According to some researchers, ninety-five percent of all employers require one or more employment interviews before extending a job offer, resulting in as many as 150 million employment interviews being conducted annually. The employer’s purpose – to verify information on the resume, explore additional issues, get some indication of the probable chemistry between the applicant and the organization. The job applicant – gleans important information about the organization, decides about the culture of the organization. Consider the employment interview as a sales presentation.
You will be better prepared for interview questions if you have a clear picture of the industry from your research in the field.
If you have already sent a letter and resume, you can follow up with a phone call asking about a meeting to discuss future possibilities.
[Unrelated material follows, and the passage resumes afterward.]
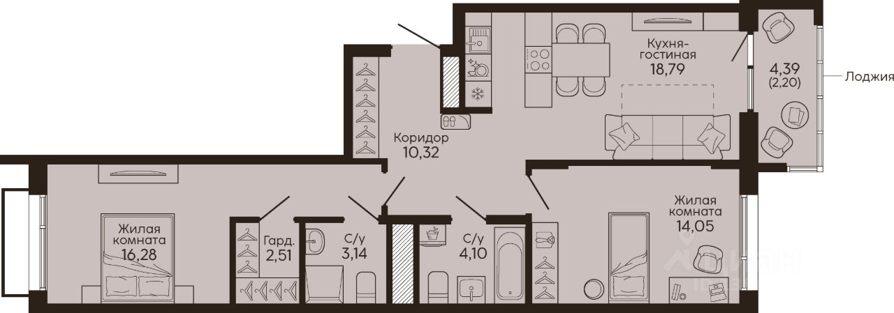 Общая площадь71,39 м²

Employers hire people, not general qualifications, and an interview’s purpose is to evaluate the candidate from the company’s point of view. Arrive a few minutes early. Go to the interview with a positive attitude. Project enthusiasm, positiveness, and friendliness. Create the impression of someone who would both be able to do the job and fit into the company’s culture.
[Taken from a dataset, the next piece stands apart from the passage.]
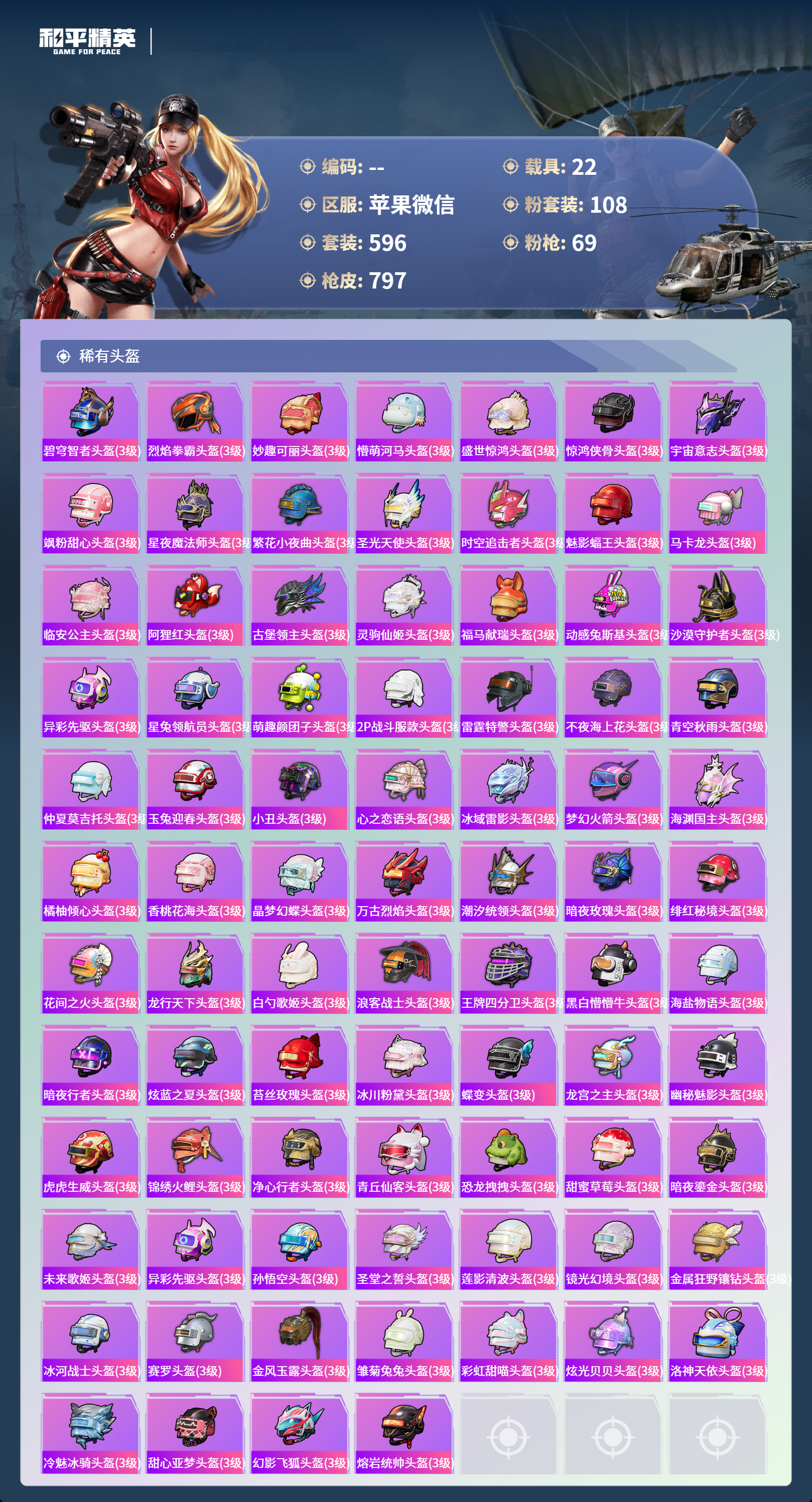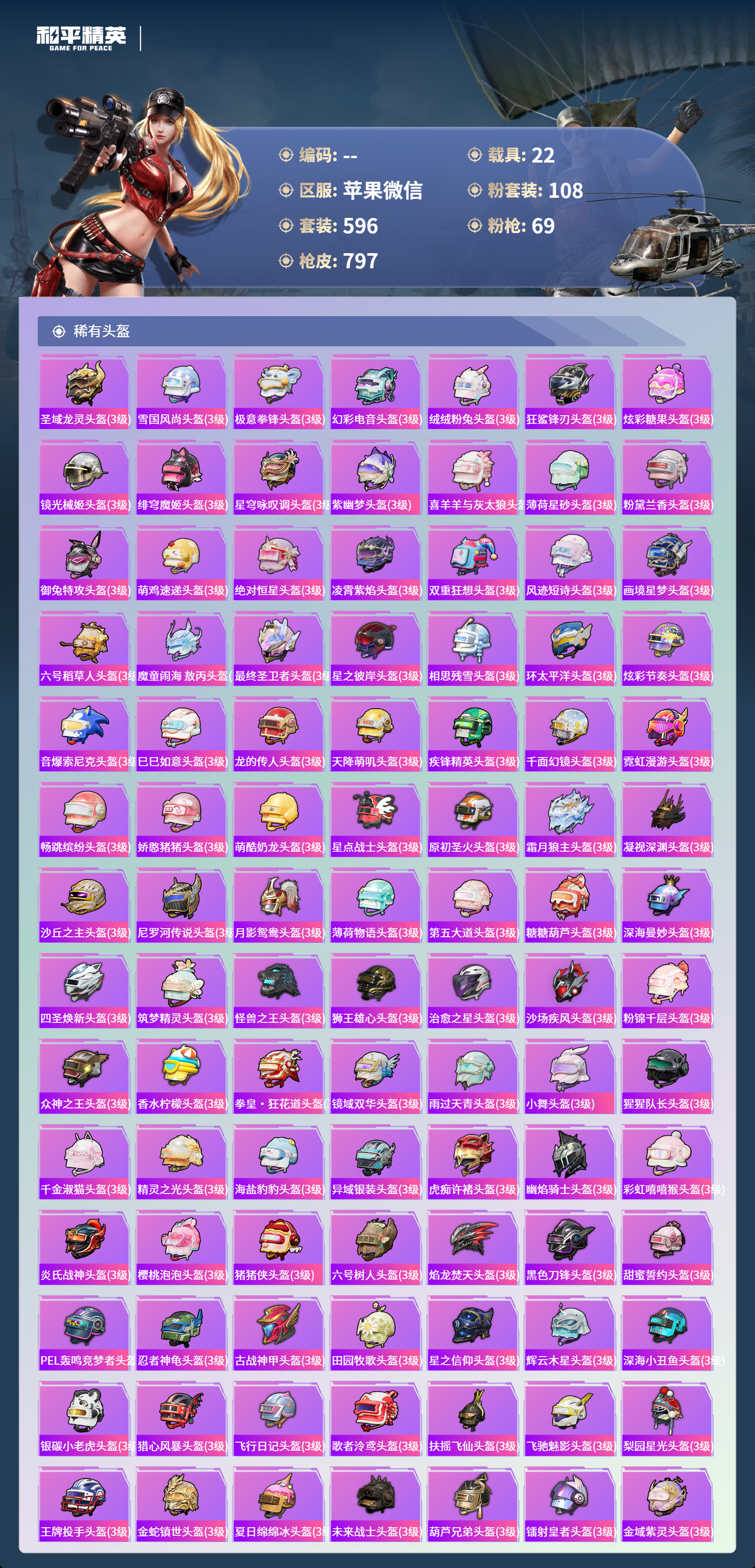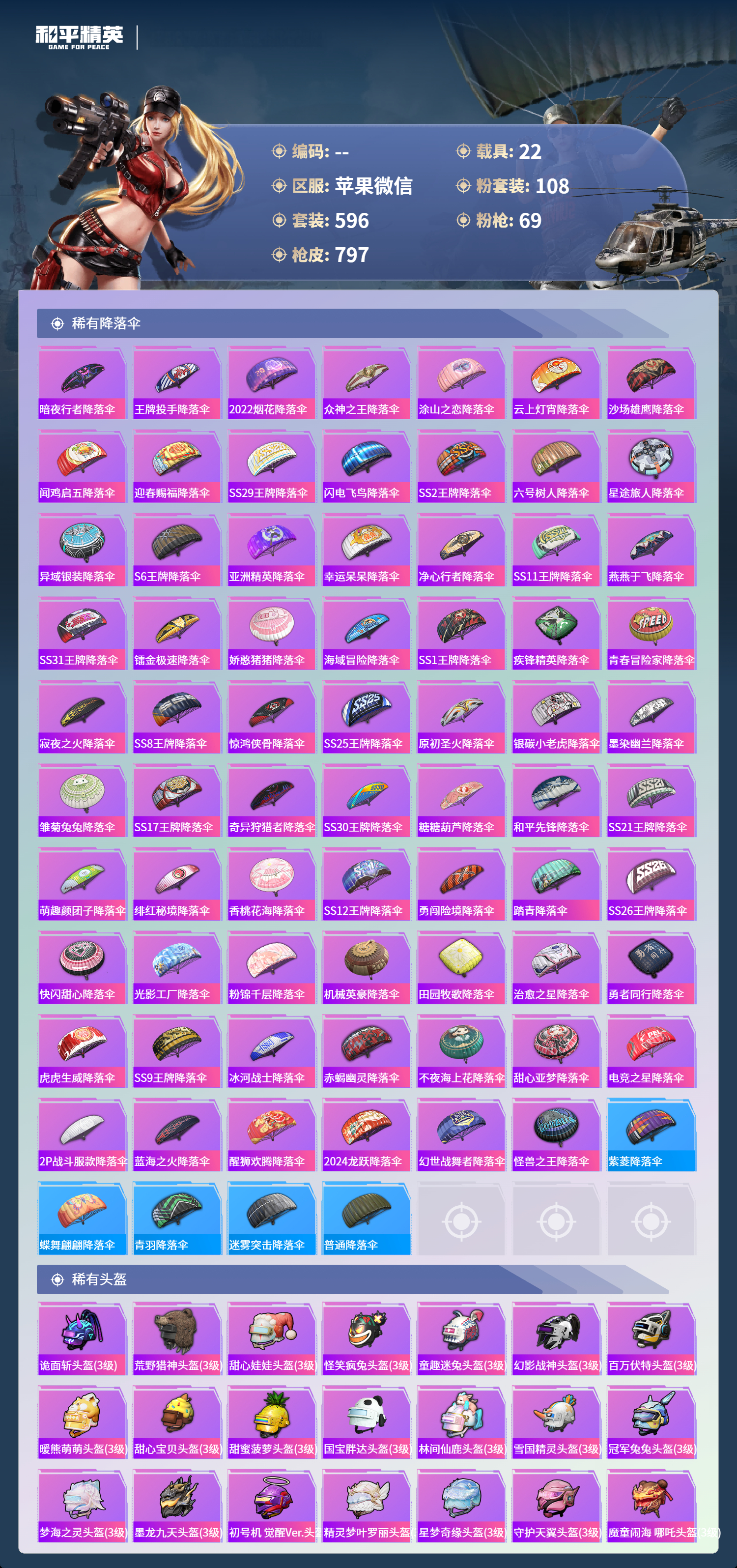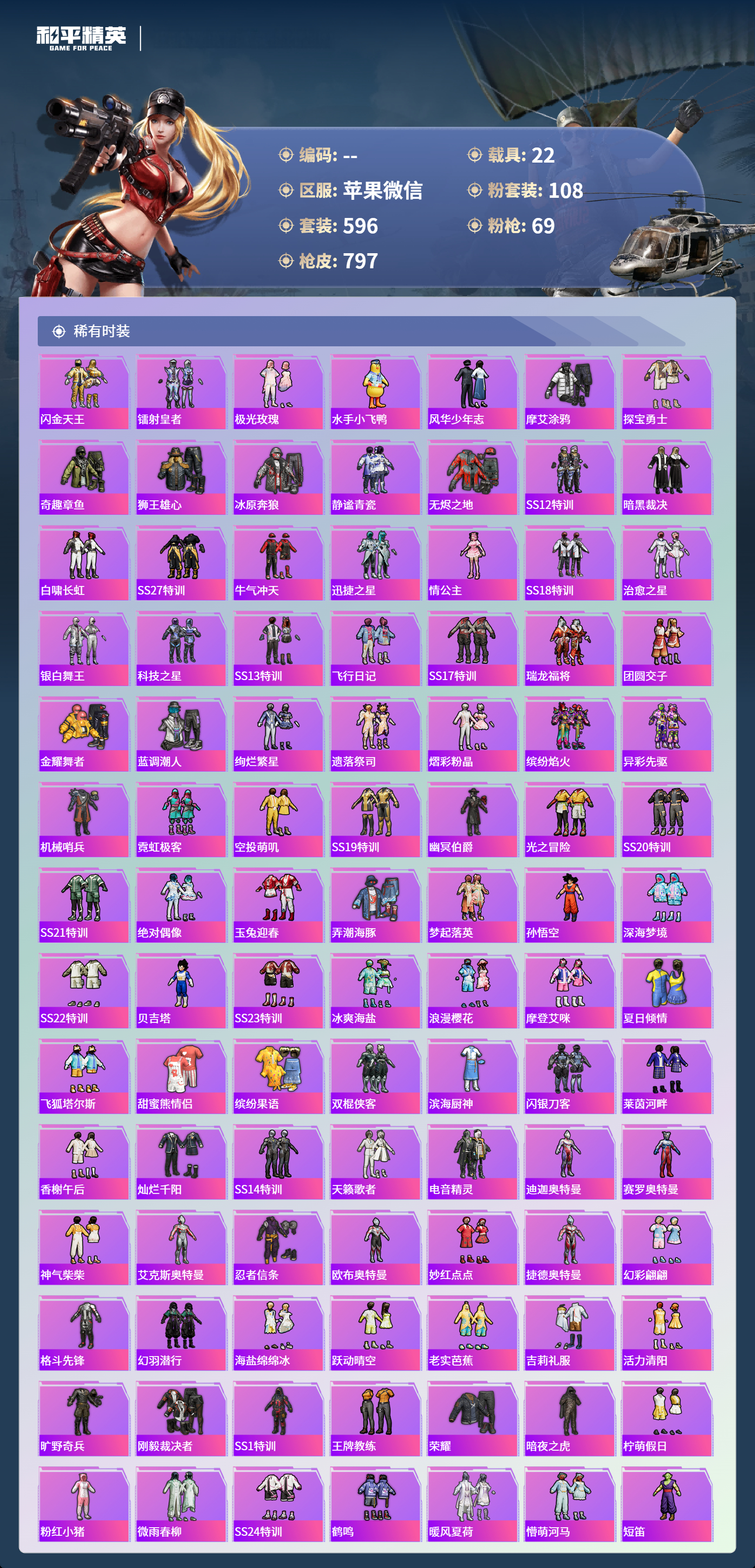 PX_2550114-苹果微信-36王牌印记-有战神框-11红装-108粉装-69特效枪-22载具-热力值-596套装-797枪皮-5卓越印记-2传奇印记

Interview questions can be closed, open-ended, probing, or a combination of these types.
Three basic types of interview are the structured, unstructured, and stress interview.
Interviews may be conducted by a computer, be videotaped, or be broadcast by satellite.
RESEARCHING THE ORGANIZATION
Learn as much as you can about the organization – your possible future employer. Study different sources for current product information, profitability, plans for the future, and the like. Learn about the company’s products and services, its history, the names of its officers, its financial health, corporate structure, and the like. Relate what you discover about the individual company to what you’ve learned about competing companies and about the industry in general. Avoid “showing off” your knowledge of the organization.
PRACTICING INTERVIEW QUESTIONS
Interview questions provide the interviewer with important clues about the applicant’s qualifications, personality, communication skills, etc. The interviewer is interested not only in the content of your responses but also in how you react to the questions themselves and how you communicate your thoughts and ideas. Before going for your interview, practice your response to typical interview questions:
· Tell me about yourself.
· What do you take real pride in?
· How does your education or experience relate to the job you apply for?
· Why would you like to work for out organization?
· What are your long-range career objectives?
Sometimes interviewers pose more difficult questions and even try to create a stressful situation by interrupting, showing disbelief, etc. answer each question honestly, but in a way that highlights your qualifications. You can also ask the interviewer to be more specific or to rephrase the questions. Be aware of the nonverbal signals you are communicating when answering some challenging questions (e.g., Tell me about your strengths and weaknesses; What position do you expect to hold in five years?; etc.). How you respond to difficult questions may be as important as what you say.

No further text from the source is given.